RECORDS FOR THIS TASK:
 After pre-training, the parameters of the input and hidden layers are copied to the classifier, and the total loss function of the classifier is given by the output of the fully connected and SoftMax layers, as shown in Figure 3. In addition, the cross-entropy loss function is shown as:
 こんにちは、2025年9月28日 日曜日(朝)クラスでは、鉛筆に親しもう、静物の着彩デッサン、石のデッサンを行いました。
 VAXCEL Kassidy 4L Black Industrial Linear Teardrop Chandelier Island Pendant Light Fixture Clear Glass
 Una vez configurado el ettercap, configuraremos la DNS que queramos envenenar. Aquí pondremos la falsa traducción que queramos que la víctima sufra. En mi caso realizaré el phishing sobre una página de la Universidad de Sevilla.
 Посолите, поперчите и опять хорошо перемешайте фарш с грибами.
...
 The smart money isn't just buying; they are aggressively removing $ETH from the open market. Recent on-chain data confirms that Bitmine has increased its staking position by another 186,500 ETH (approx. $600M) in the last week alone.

EXERCISE REQUIREMENTS:
Copy out the lines above exactly, beginning at the one that contains "VAXCEL Kassidy 4L" and ending at the one that contains "Посолите, поперчите и".

SOLUTION TO THE EXERCISE:
 VAXCEL Kassidy 4L Black Industrial Linear Teardrop Chandelier Island Pendant Light Fixture Clear Glass
 Una vez configurado el ettercap, configuraremos la DNS que queramos envenenar. Aquí pondremos la falsa traducción que queramos que la víctima sufra. En mi caso realizaré el phishing sobre una página de la Universidad de Sevilla.
 Посолите, поперчите и опять хорошо перемешайте фарш с грибами.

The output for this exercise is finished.